Dios de los padres y Señor de la misericordia, 

 que con tus palabras hiciste todas las cosas, 

2y en tu sabiduría formaste al hombre, 

 para que dominase sobre las criaturas que tú has hecho, 

3y para regir el mundo con santidad y justicia, 

 y para administrar justicia con rectitud de corazón. 

4Dame la sabiduría asistente de tu trono 

 y no me excluyas del número de tus siervos, 

5porque siervo tuyo soy, hijo de tu sierva, 

 hombre débil y de pocos años, 

 demasiado pequeño para conocer el juicio y las leyes. 

6Pues, aunque uno sea perfecto 

 entre los hijos de los hombres, 

 sin la sabiduría, que procede de ti, 

 será estimado en nada. 


La palabra Sabiduría aparece al principio del párrafo, en medio, cuando la pide, y al final. Tres veces, marcando el texto y qué es lo más importante de él.


La primera parte, los primeros tres versículos, nos hablan de la Creación y dentro de ella del hombre, la más perfecta de las criaturas, con la misión de gobernar y dirigir. Es como si estuviéramos leyendo de nuevo los relatos de la creación de los dos primeros capítulos del Génesis.

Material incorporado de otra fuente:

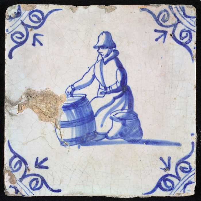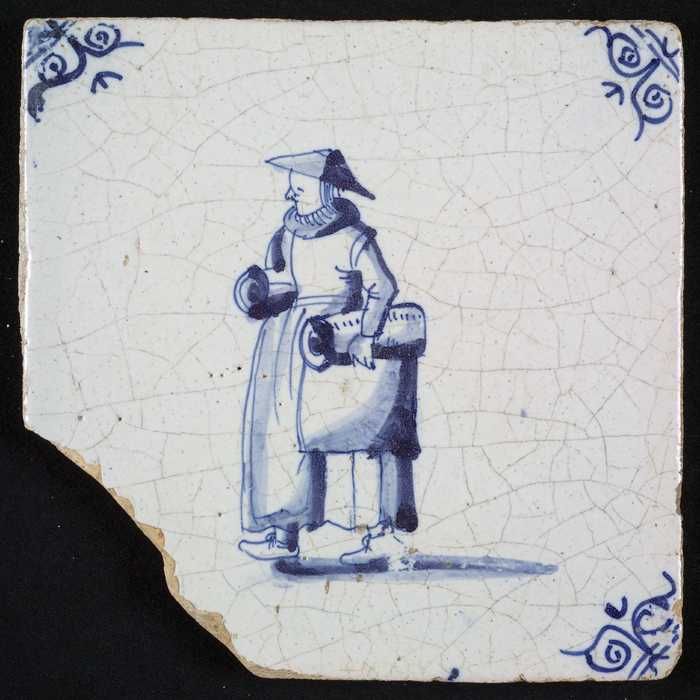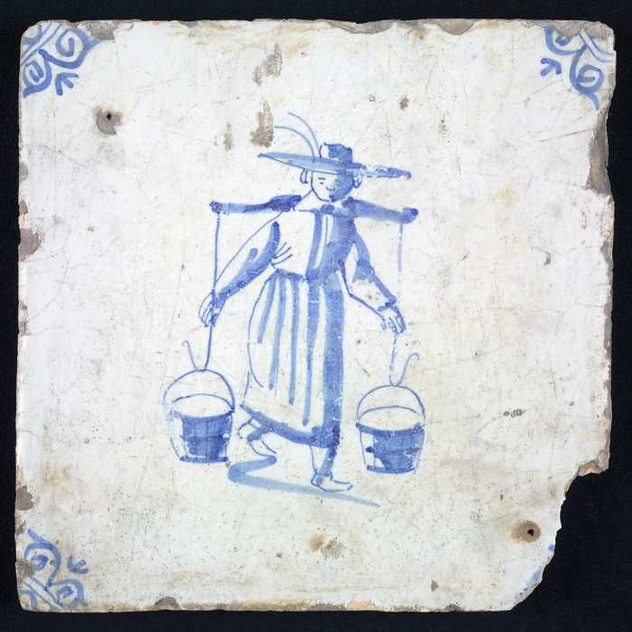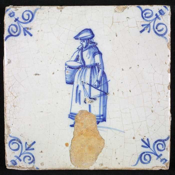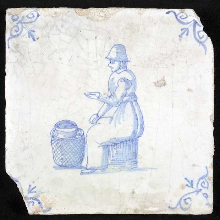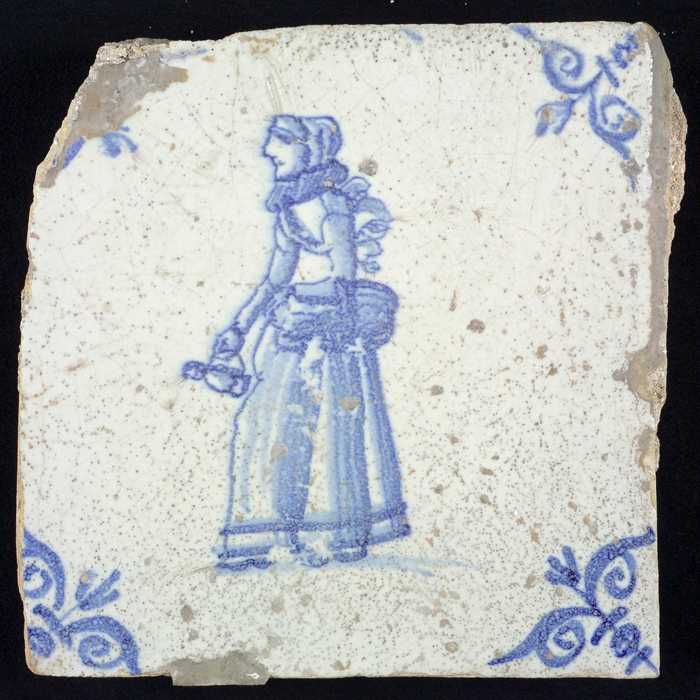 Figuurtegel, blauw, marktkoopvrouw met kruik, hoekmo...

En medio la petición de la que te acabo de hablar. Es una petición como suavizada. Dos expresiones paralelas, cada una de ellas explica la otra, como tantas veces hemos visto. Una en positivo y la segunda en negativo: y no me excluyas del número de tus siervos (Sb 9,4).


Y la tercera parte se detiene en la debilidad. Debilidad del muchacho Salomón, y debilidad de cada uno de los hombres, desbordados por la misión que el Señor nos encarga. Podemos ver una acumulación de términos que producen en el lector esta sensación de debilidad: siervo… sierva… débil… de pocos años… demasiado pequeño… nada (Sb 9,5-6).


La verdad es que, si lees estos dos versículos solos, sin leer los demás, es como para ponerse triste. Tener conciencia de la propia debilidad es el mejor acicate para pedir ayuda.


Y una última cosa y acabamos ya este párrafo. Vuelvo al principio. La oración comienza con la invocación: Dios de los padres (Sb 9,1). A nosotros nos puede costar trabajo entender esta expresión. Para un judío no tiene ninguna duda. Los padres son los patriarcas, los primeros, las primicias del pueblo elegido: Abrahán, Isaac y Jacob (v.gr. cfr. 1Cr 29,18).


Hasta ahora no nos ha hablado de la historia de Israel. Sólo hemos oído hablar de Salomón, y de un modo un tanto extraño, todo muy anónimo.


Dentro de poco nos vamos a meter en el recuerdo de la historia del pueblo elegido, en cuanto acabe este magnífico capítulo. Esta alusión es como un anticipo de lo que va a suceder dentro de poco en el libro. Lo dice, ahí lo deja, y dentro de poco nos acordaremos de que ya lo había avisado.